Atualmente, não é permitida qualquer prática sexual dentro dos quarteis ou em missões militares, quando o militar precisa viajar e ficar fora por muito tempo a trabalho

Joelma Pereira, do Fato Online

Os ministros do STF (Supremo Tribunal Federal) começaram, na tarde desta quarta-feira (28), julgamento sobre a permissão de prática de ato libidinoso, homossexual ou não, em lugar sujeito a administração militar. Atualmente, não é permitido qualquer prática sexual dentro dos quarteis ou em missões militares, quando o militar precisa viajar e ficar fora por muito tempo a trabalho.

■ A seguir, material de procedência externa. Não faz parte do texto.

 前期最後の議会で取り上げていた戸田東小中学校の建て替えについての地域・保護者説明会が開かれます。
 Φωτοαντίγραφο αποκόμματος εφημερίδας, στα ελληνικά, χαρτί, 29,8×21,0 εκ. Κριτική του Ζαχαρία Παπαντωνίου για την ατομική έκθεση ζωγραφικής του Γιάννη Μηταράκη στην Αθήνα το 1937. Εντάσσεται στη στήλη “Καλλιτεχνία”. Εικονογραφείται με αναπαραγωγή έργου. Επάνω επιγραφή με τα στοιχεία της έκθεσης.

Para militares pegos dentro dessas circunstâncias, a pena atual é de detenção pelo período de seis meses a um ano. A ação foi proposta em 2013, pela então procuradora-geral da República, Helenita Acioli, que alega que o art. 235 do Código Penal Militar não teria sido recepcionado pela Constituição Federal, por desrespeitar os direitos dos homossexuais. A procuradora sustentou que, ao proibir, os preceitos fundamentais violados são os princípios da isonomia, da liberdade, da dignidade da pessoa humana, da pluralidade e do direito à privacidade.

Regime militar

De acordo com a PGR, a norma impugnada teria sido editada no contexto histórico de um regime militar ditatorial, marcado pelo autoritarismo e pela intolerância às diferenças; mesmo nos locais sujeitos à administração militar, não haveria razão para a criminalização de atos sexuais consensuais que ocorram quando os militares não estejam em serviço, entre outros argumentos. Na ação, ela cita que foram superadas “visões preconceituosas e anacrônicas” de que a homossexualidade seria “pecado” ou “doença”.

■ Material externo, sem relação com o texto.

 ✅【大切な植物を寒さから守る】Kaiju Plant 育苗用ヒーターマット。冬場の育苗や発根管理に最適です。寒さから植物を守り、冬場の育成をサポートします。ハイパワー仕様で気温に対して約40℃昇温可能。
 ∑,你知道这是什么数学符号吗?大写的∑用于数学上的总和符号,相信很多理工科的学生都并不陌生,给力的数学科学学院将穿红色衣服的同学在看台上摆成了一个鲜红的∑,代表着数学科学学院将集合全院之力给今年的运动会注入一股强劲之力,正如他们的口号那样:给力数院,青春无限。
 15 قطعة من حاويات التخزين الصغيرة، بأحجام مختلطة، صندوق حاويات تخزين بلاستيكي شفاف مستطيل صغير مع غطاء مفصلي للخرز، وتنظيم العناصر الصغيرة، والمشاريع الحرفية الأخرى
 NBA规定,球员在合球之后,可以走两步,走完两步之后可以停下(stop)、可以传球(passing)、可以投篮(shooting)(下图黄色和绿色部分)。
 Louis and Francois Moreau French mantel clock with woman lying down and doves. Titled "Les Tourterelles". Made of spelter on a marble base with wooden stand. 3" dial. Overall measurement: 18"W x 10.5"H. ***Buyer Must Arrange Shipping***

No entanto, em 2014, na gestão do atual procurador-geral Rodrigo Janot, a PGR mudou o entendimento. Janot, em notificação ao Supremo, mudou de entendimento e disse ser favorável à regra do Código Penal Militar, de 1969, que pune militar que praticar pederastia (ato sexual entre um menor e um adulto) e ato libidinoso “homossexual ou não” dentro de estabelecimento militar. O relator do caso no STF é o ministro Roberto Barroso.